See main article: Path MTU Discovery. The Internet Protocol defines the path MTU of an Internet transmission path as the smallest MTU supported by any of the hops on the path between a source and destination. Put another way, the path MTU is the largest packet size that can traverse this path without suffering fragmentation.

Path MTU Discovery is a technique for determining the path MTU between two IP hosts, defined for both IPv4 and IPv6. It works by sending packets with the DF (don't fragment) option in the IP header set. Any device along the path whose MTU is smaller than the packet will drop such packets and send back an ICMP Destination Unreachable (Datagram Too Big) message which indicates its MTU. This information allows the source host to reduce its assumed path MTU appropriately. The process repeats until the MTU becomes small enough to traverse the entire path without fragmentation.

Standard Ethernet supports an MTU of 1500 bytes and Ethernet implementation supporting jumbo frames, allow for an MTU up to 9000 bytes. However, border protocols like PPPoE will reduce this. Path MTU Discovery exposes the difference between the MTU seen by Ethernet end-nodes and the Path MTU.

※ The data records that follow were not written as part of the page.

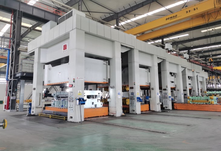 機身采用臥式框架拉桿(四柱)式結構,前梁、后梁通過四根拉桿(?柱)、支柱及緊固螺母預緊連接后成為?個剛性體,固定在底座上;動粱及擠壓筒位于前梁與后梁中間,擠壓筒內裝有加熱及保溫裝置;前梁內端面裝有二?位換模裝置;前梁或擠壓筒座上裝有壓余切除裝置;機身下部裝有自帶上料裝置。
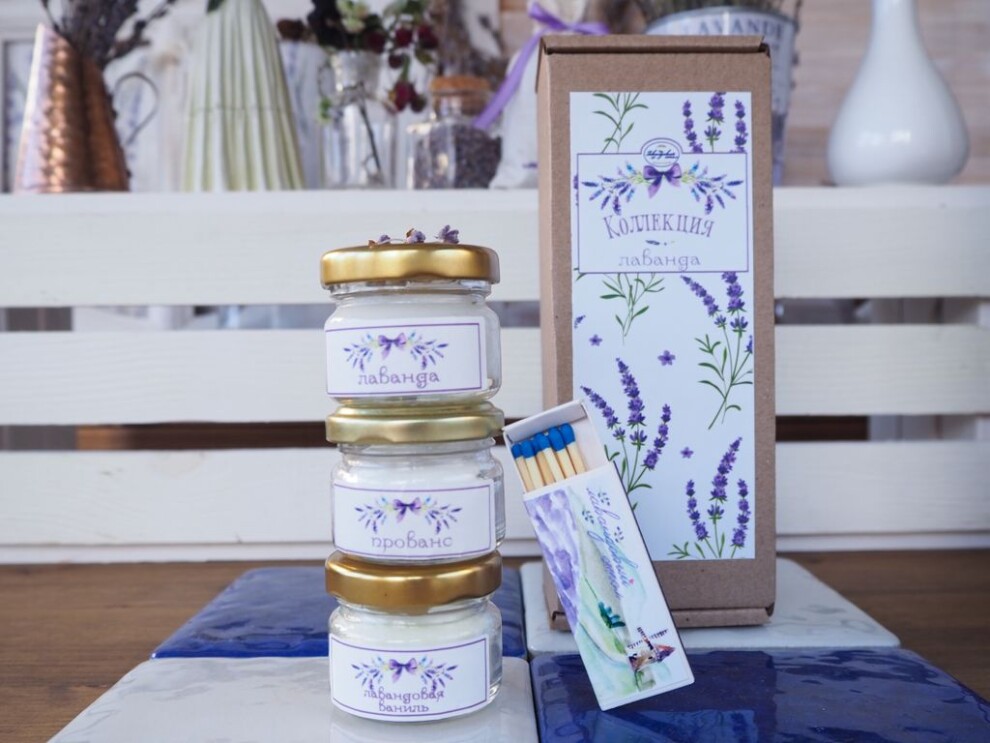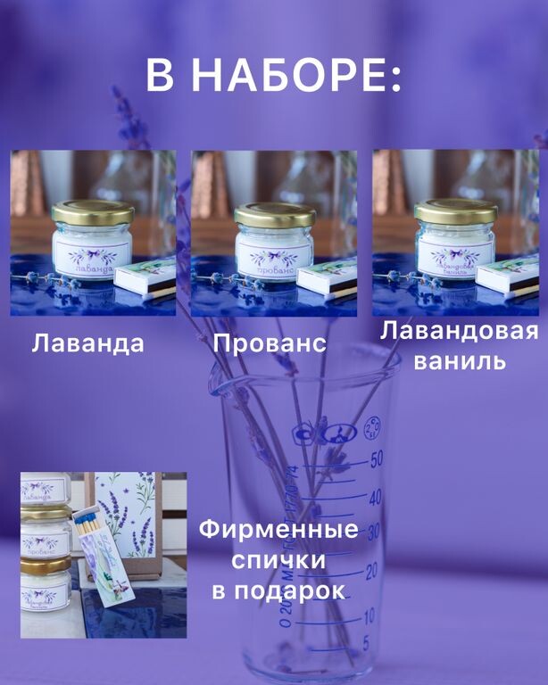 Набор ароматических свечей 3шт. по 20 мл + фирменные спички в подарочной упаковке. Коллекция "Лаванда" 3 аромата «Лаванда», «Прованс», «Лавандовая Ваниль» Идеально сочетаются.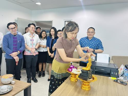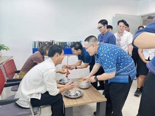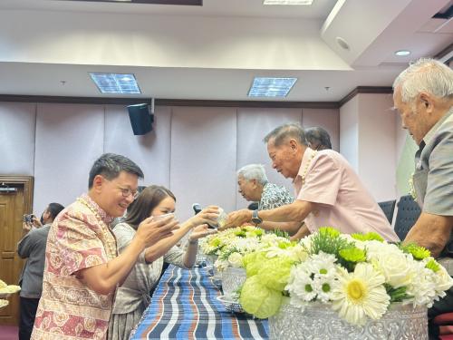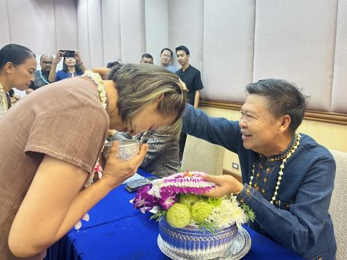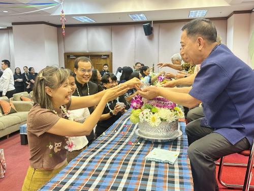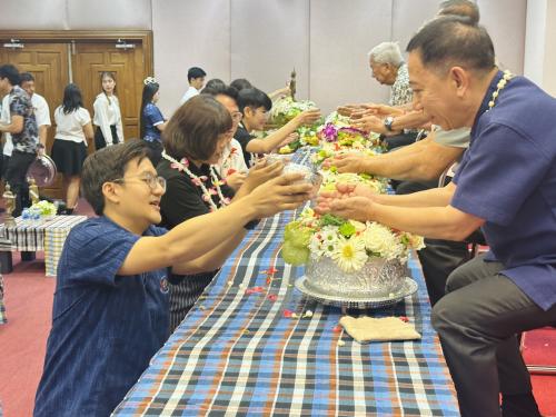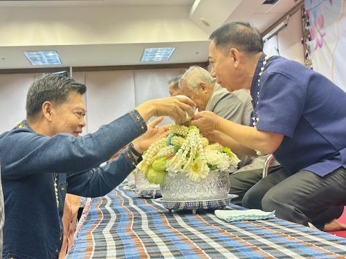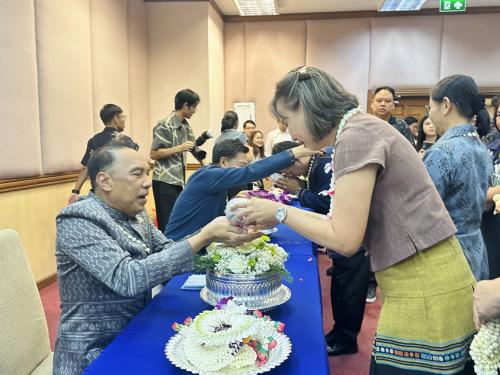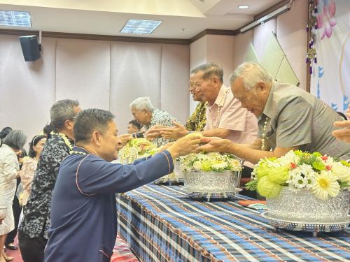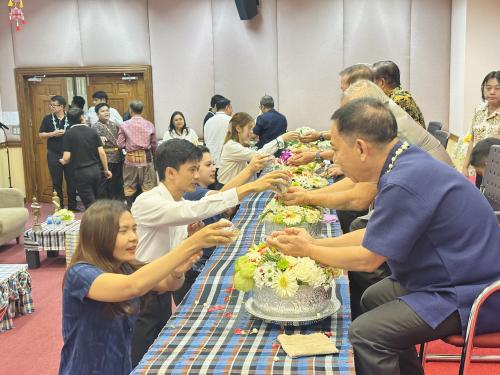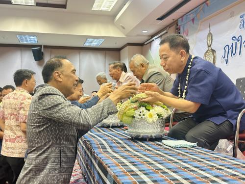 นายสยาม ศิริมงคล พร้อมด้วยคณะผู้บริหาร ร่วมพิธีรดน้ำขอพรมอบพวงมาลัยแสดงความเคารพและความกตัญญู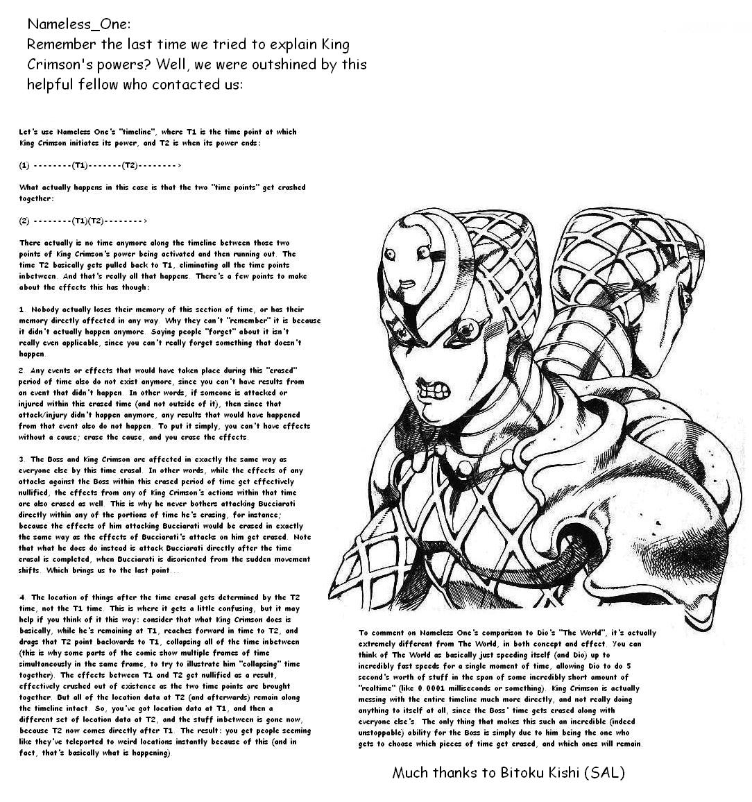 Well you see, keeping with the chronokinetic powers from the bosses, King Crimson can delete about 10 seconds of time on the time line. He only delete that time, but the doings still remain.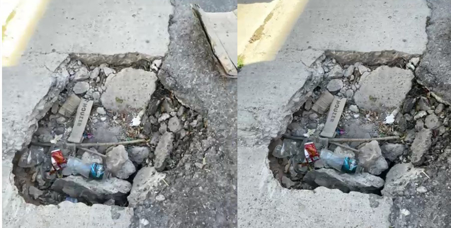 Los vecinos de la colonia colocaron cartón para que los conductores que pasan por el lugar no caigan y se dañe su vehículo.

Unfortunately, increasing numbers of networks drop ICMP traffic (for example, to prevent denial-of-service attacks), which prevents path MTU discovery from working. Packetization Layer Path MTU Discovery is a Path MTU Discovery technique which responds more robustly to ICMP filtering. In an IP network, the path from the source address to the destination address may change in response to various events (load-balancing, congestion, outages, etc.) and this could result in the path MTU changing (sometimes repeatedly) during a transmission, which may introduce further packet drops before the host finds a new reliable MTU.

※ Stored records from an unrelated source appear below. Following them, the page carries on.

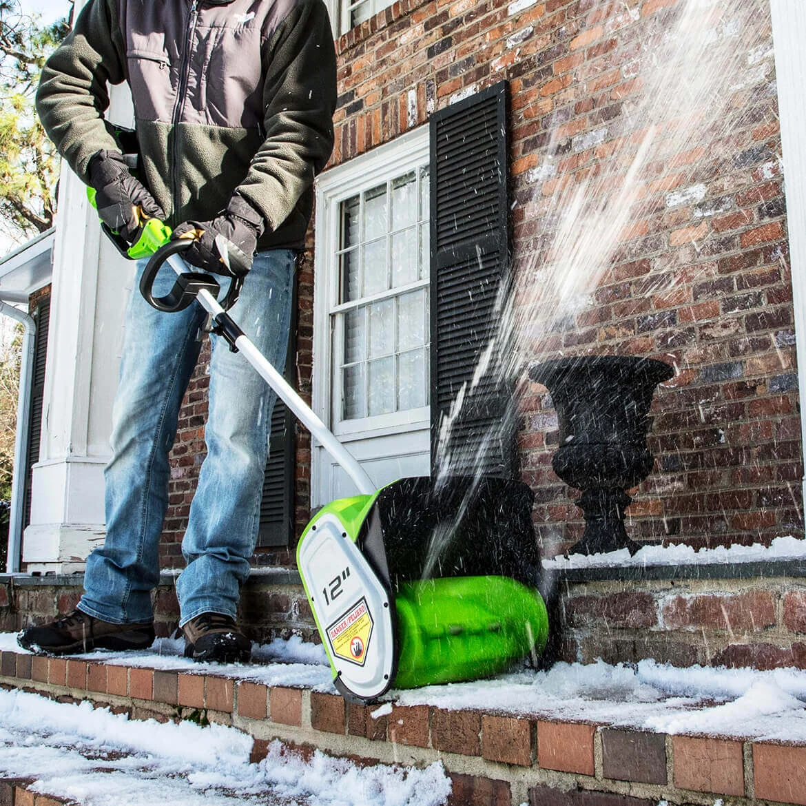 - Powered by GreenWorks’ 40V GMAX lithium-ion battery system, this snow shovel delivers reliable performance without the hassle of gas, oil, or cords.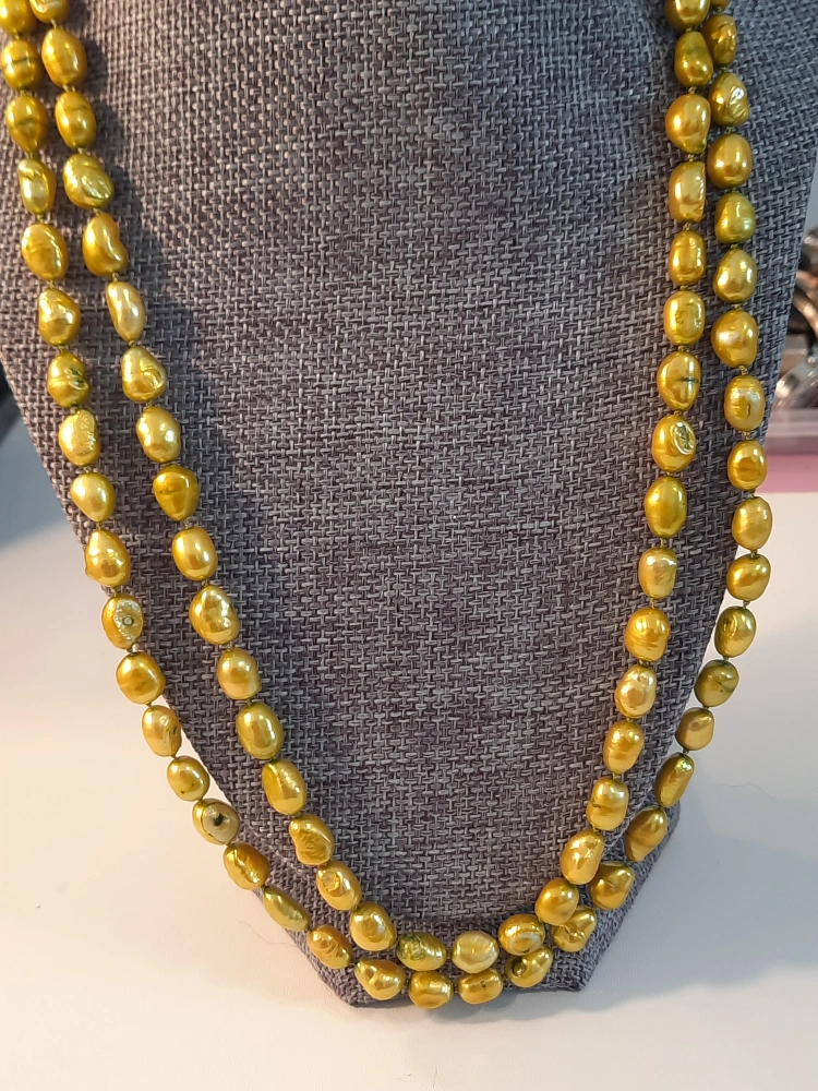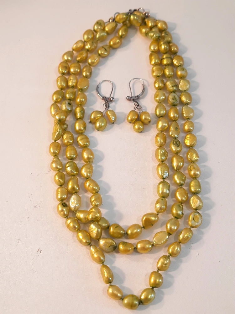 Beautiful golden pearl necklace and earring set. The earrings are sterling silver (.925). The necklace is a three-strand design with a secure clasp 925 silver. The pearls have a lovely lustre fresh water pearls and are in great condition.very London neclase could be ware in 2,3 layers or only very long as you wish Perfect for adding a touch of elegance to any outfit!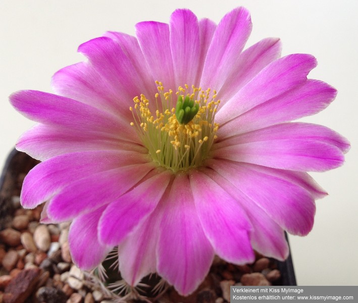 unter meiner schreibtischlampe ist zum ersten mal die o.a. pflanze erblüt. mit 2,5cm durchmesser noch recht klein und die blüte ist gleich 2,5mal so gross wie der pflanzenkörper!

A failure of Path MTU Discovery carries the possible result of making some sites behind badly configured firewalls unreachable. A connection with mismatched MTU may work for low-volume data but fail as soon as a host sends a large block of data. For example, with Internet Relay Chat a connecting client might see the initial messages up to and including the initial ping (sent by the server as an anti-spoofing measure), but get no response after that. This is because the large set of welcome messages sent at that point are packets that exceed the path MTU. One can possibly work around this, depending on which part of the network one controls; for example one can change the MSS (maximum segment size) in the initial packet that sets up the TCP connection at one's firewall.

In other contexts

MTU is sometimes used to describe the maximum PDU sizes in communication layers other than the network layer.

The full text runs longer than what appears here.